Lukaniuk M. Transient and reversible photo-stimulated transformations in films of chalcogenide vitreous semiconductors and interference lithography on their basis.

The thesis describes the results of the research of photoinduced effects such as successive positive photoresistive process and photoetching effect which are observed in annealed thin films of chalcogenide vitreous semiconductors, or, in other words, chalcogenide glasses (ChGs). The effect of photoetching in annealed ChG films has been described. The essence of this effect is the photostimulated increasing of the solubility of the exposured areas of ChG films at simultaneous exposure and etching. It has been established that the photoetching effect is based on transient changes in thin ChG films, which exist during irradiation only and disappear rapidly after switching off, at the same time, the basis of the successive photoresistive process is reversible photochanging. The phenomenology has been investigated and the mechanisms of the investigated photoetching and successive photoresistive effects in annealed ChG films have been proposed.
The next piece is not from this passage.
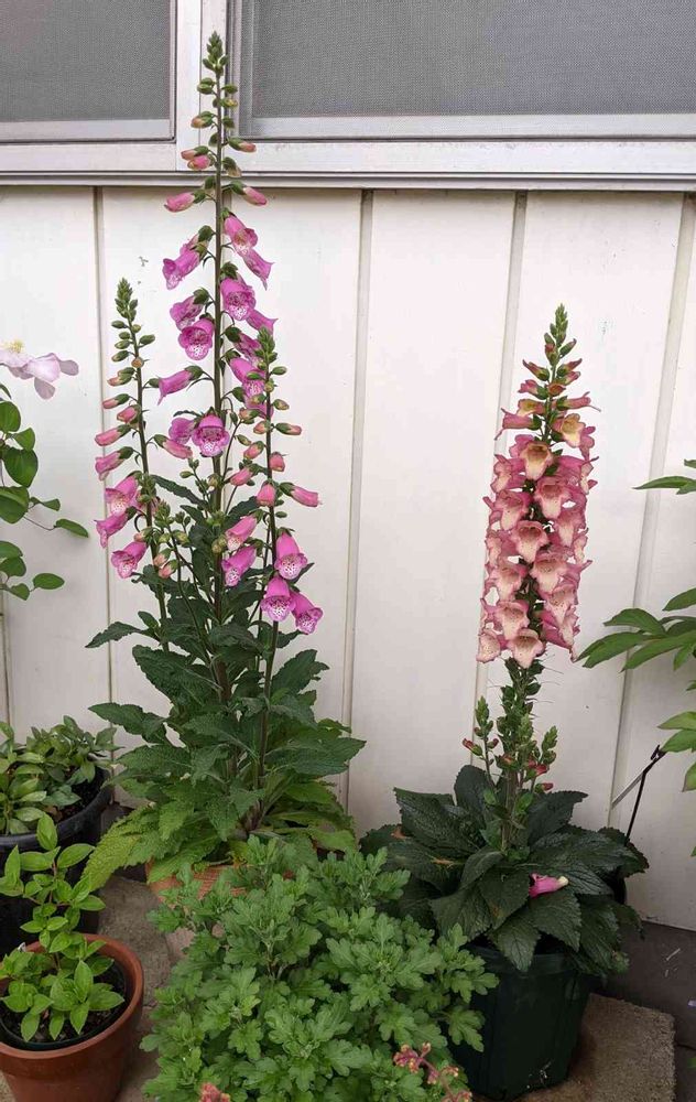 PWさんのベリーカナリーと、ハイブリッドジギタリスパンサーを並べてみました。ベリーカナリー(右)は、今年の春に蕾が上がってきているものを購入。パンサー(左)は、うちで冬越ししました。どちらもそれぞれの良さがありますね😊

Photoresist based on photo-etching and successive photoresist etching effects have been developed, and the technology of interference photolithography using these photoresists has been implemented.It has been demonstrated that application of processes on transient and reversible photostimulated transformations in annealed ChG layers in interference lithography allows to use more environmentally friendly non-organic photoresists on the basis of germanium-containing chalcogenide compounds to obtain periodic 1-D and 2-D structures with high quality surface and homogeneity on large scale substrates. Combining the methods of interference lithography and immersion with the usage of photoresists based on annealed ChG films allows to form structures with nanosized elements. The developed lithographic processes enable to form various periodic structures, in particular, diffraction periodic structures, subwave metal structures, microprofiliated plates, plasmonic structures (sensor chips with high sensitivity) on large scale substrates, and optical track records.